Дити смотрела на труп и явно не испытывала воодушевления – ее сосочки совсем обвисли.
– Пойди искупайся, – велел я ей. – Пошла вон, говорят тебе!
– Что, от меня так плохо пахнет?
– От тебя пахнет чудесно, лапочка моя. Но Шельма совершенно правильно заметила, что нам, возможно, теперь не скоро представится случай помыться горячей водой с мылом. Я обещал ей, что мы не отправимся на Канопус, пока она не примет ванну. Так что иди скорей купайся, пока ванная свободна, а когда Хильда пойдет отмываться, ты мне поможешь грузить багаж.
– Хорошо. – Сосочки Дити слегка набухли, наглядно показывая, как поднялось ее настроение. Лицо моей возлюбленной обычно не выдает ее чувств, но эти прелестные розовые пробочки служат отличным барометром ее морально-боевого духа.
– Постой-ка, Дити, – остановила ее Хильда. – Ты тогда сказала: «Он не среагировал». Что ты имела в виду?
– То, что сказала. Сбрось одежду перед мужчиной, и он так или иначе отреагирует. Даже если сделает вид, что ничего такого не произошло, глаза все равно его выдадут. А тут совсем никакой реакции. То есть так и должно было быть, он же не человек, но я-то этого не знала, когда попыталась его отвлечь.
– Но он все-таки обратил на тебя внимание, Дити, – сказал я. – И тем самым ты дала мне шанс.

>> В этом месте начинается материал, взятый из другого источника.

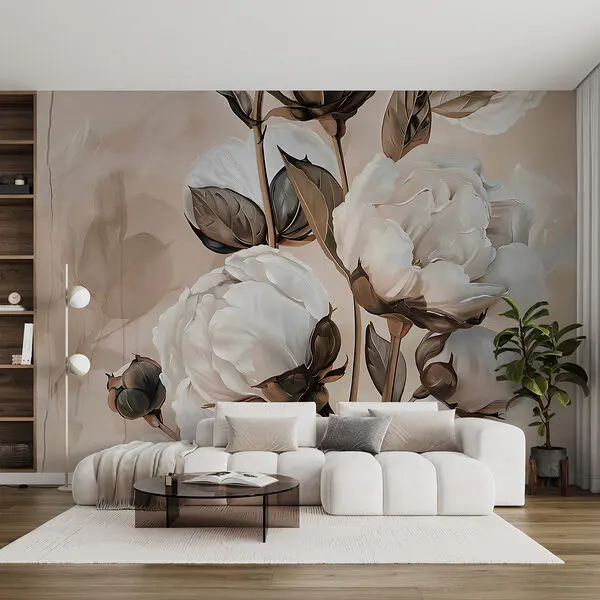 Papier peint Fleurs et feuilles blanches sur fond blanc
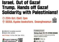 Trump, the world’s greatest imperialist, is coming to Korea. He is the enemy of the working class and oppressed people around the world. Trump has consistently supported Israel’s genocide of Palestinians in pursuit of Middle Eastern hegemony. Netanyahu praised Trump as “the greatest American president ever.” Trump has called for a ceasefire in the Ukraine War, but he continues to wage an imperialist proxy war against Russia, recently weighing the provision of Tomahawk long-range cruise missiles to Ukraine. The hegemonic rivalry with China, which intensified during Trump’s first term, has…
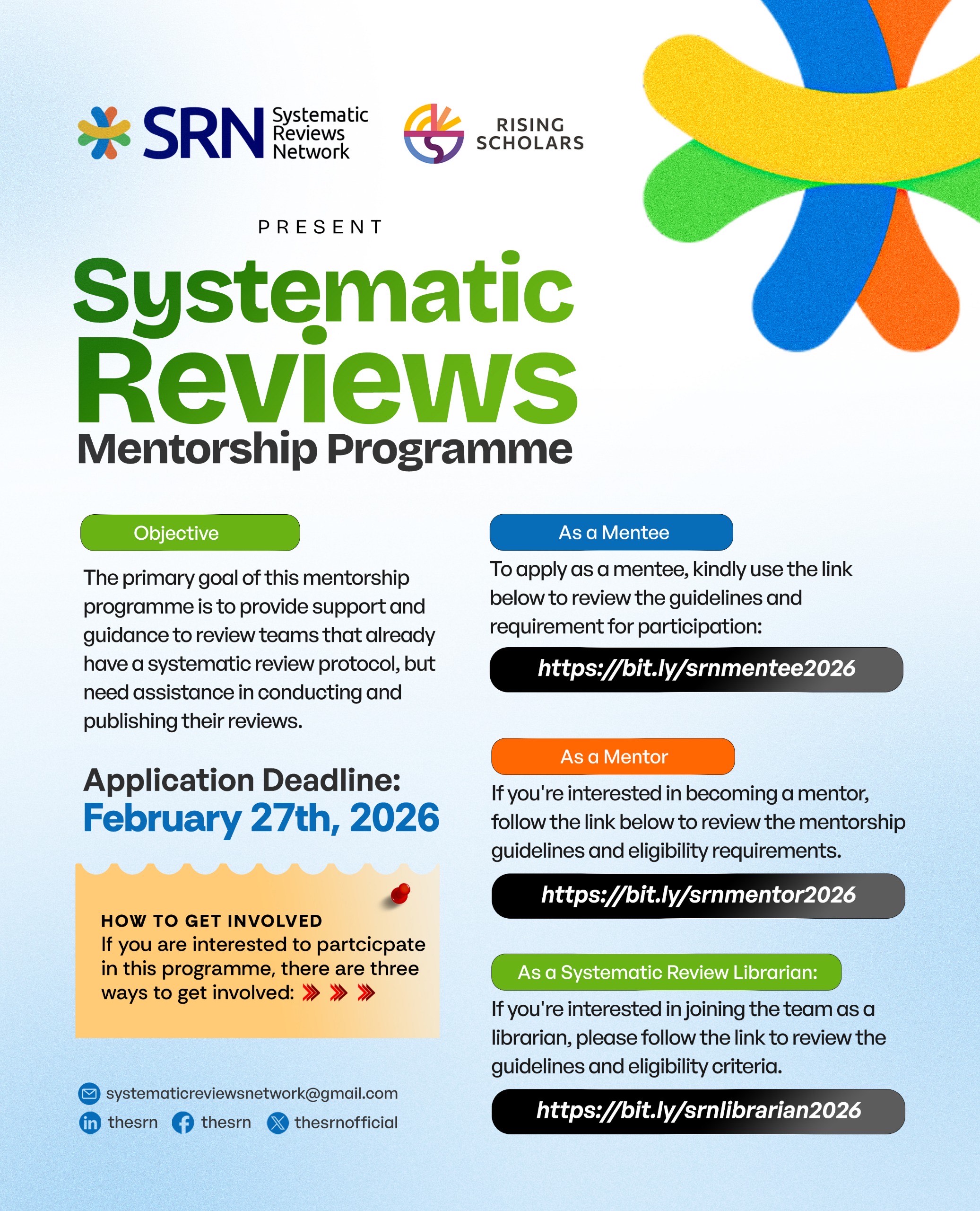 To apply as a mentee, kindly use the link below to review the guidelines and requirement for participation: https://bit.ly/srnmentee2026
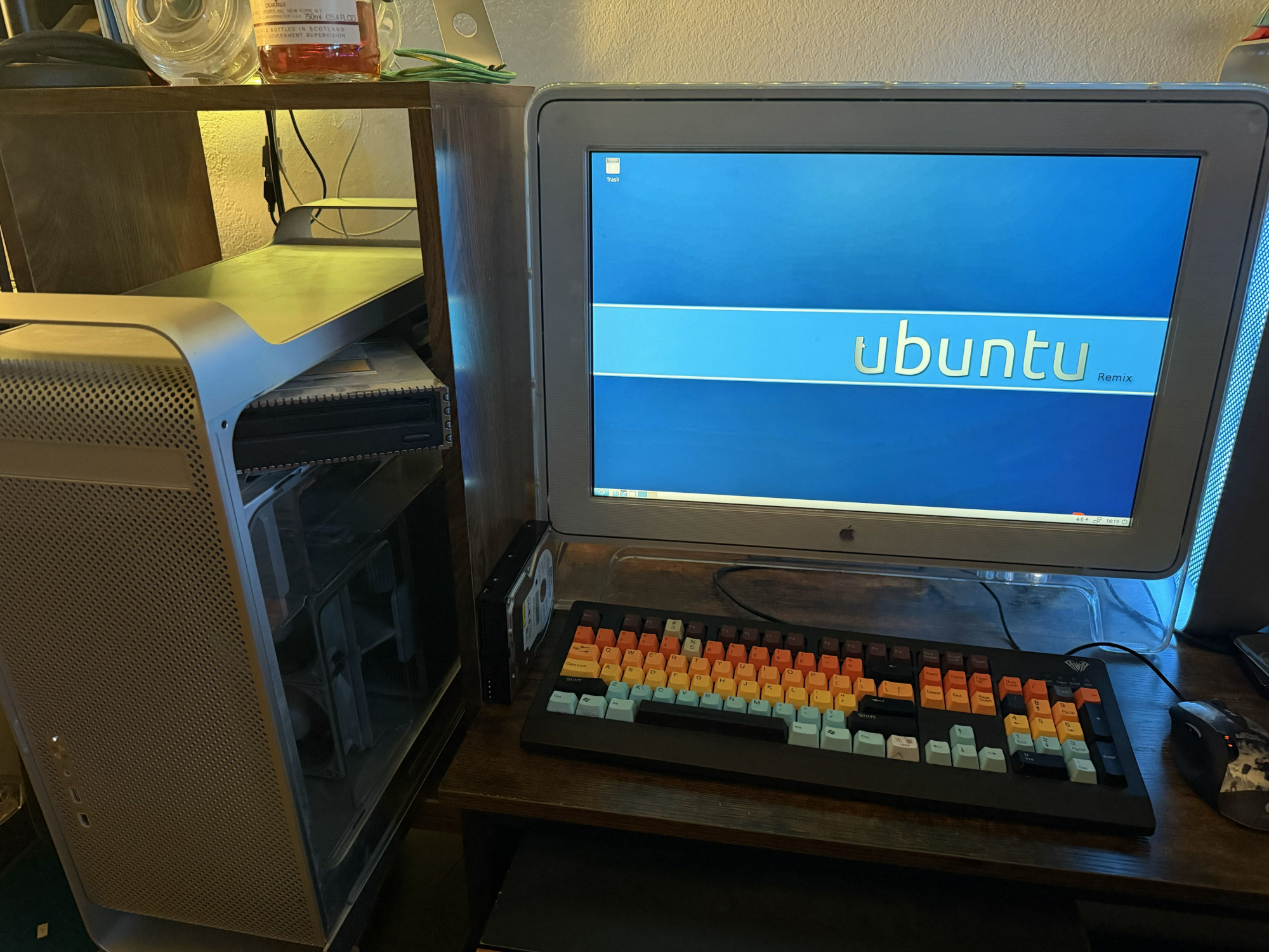 Linux has been a pain lol. Comparatively on early Intel stuff, Linux is a breeze but on this PMG5, I effectively failed in getting Adelie up and running - big fat fail on Adelie lol. I was pumped to give adelie a try but will have to come back to it another time. As time is limited, I shifted to Debian which I have used on this particular powermac in the past. The problem is that I could not find a current big endian PPC64 build and the one I had on my NAS from around 2023, for whatever reason I could not get it to connect to any Debian repositories to DL the needed files. Truthfully, I was not a fan of Debian Mate anyways, so to complete my challenge, I pulled out my trusty Lubuntu remix 16.04 DVD and spun that up. It had been a while since I used Remix and while I had no issues installing, I did have issues getting the install to boot. I thought I was going crazy but had forgotten that to run on a G5, the drive has to be in the primary hdd slot1. Haha, Oh well, Im not 45 anymore lol. Brains going to mush evidently. Anyways, Wicknix let me in on the error of my ways, so I swapped the ssd from 2 to 1 and bam, remix fired right up.
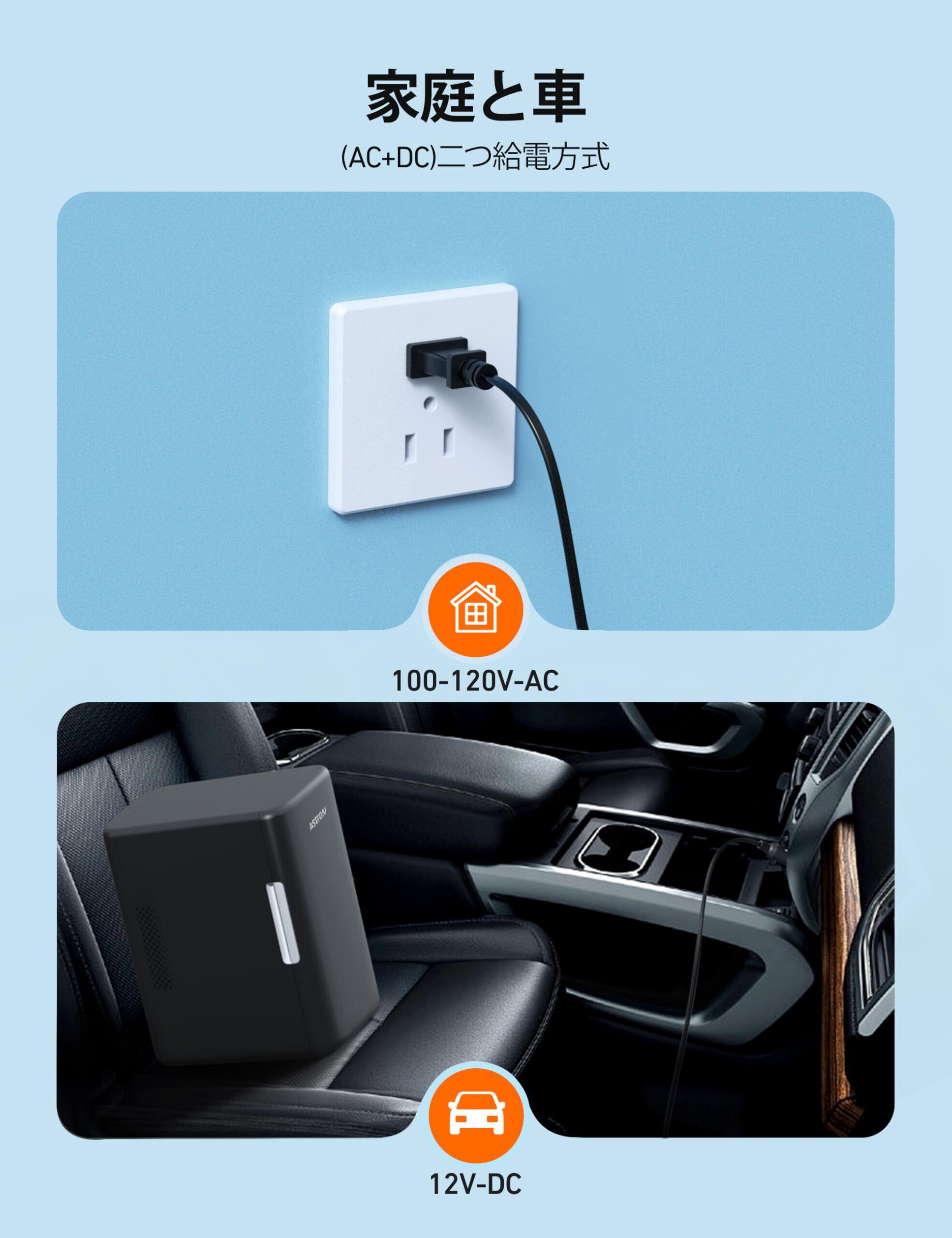 ✨家庭用電源だけでなく、車のシガレットソケットでも使用できるダブル電源式設計。キャンプやドライブのお供にもぴったりで、どこでも好きな時に冷たい飲み物や温かい食材を楽しむことができます。

– Он обратил на меня внимание так, как собака, или лошадь, или любое животное обратило бы внимание на любое движение. Он заметил, но проигнорировал. Никакой реакции.
– Зебби, тебе это ничего не напоминает?
– А что это должно напоминать?
– Ты помнишь, в первый день, как только мы сюда приехали, ты рассказывал историю про одну смазливую студенточку.
– Какую студенточку?
– Которая не могла сдать математику.
– А-а-а! Бинни.
– Да, профессор Дональд Уолтер Бин. Не находишь тут связи?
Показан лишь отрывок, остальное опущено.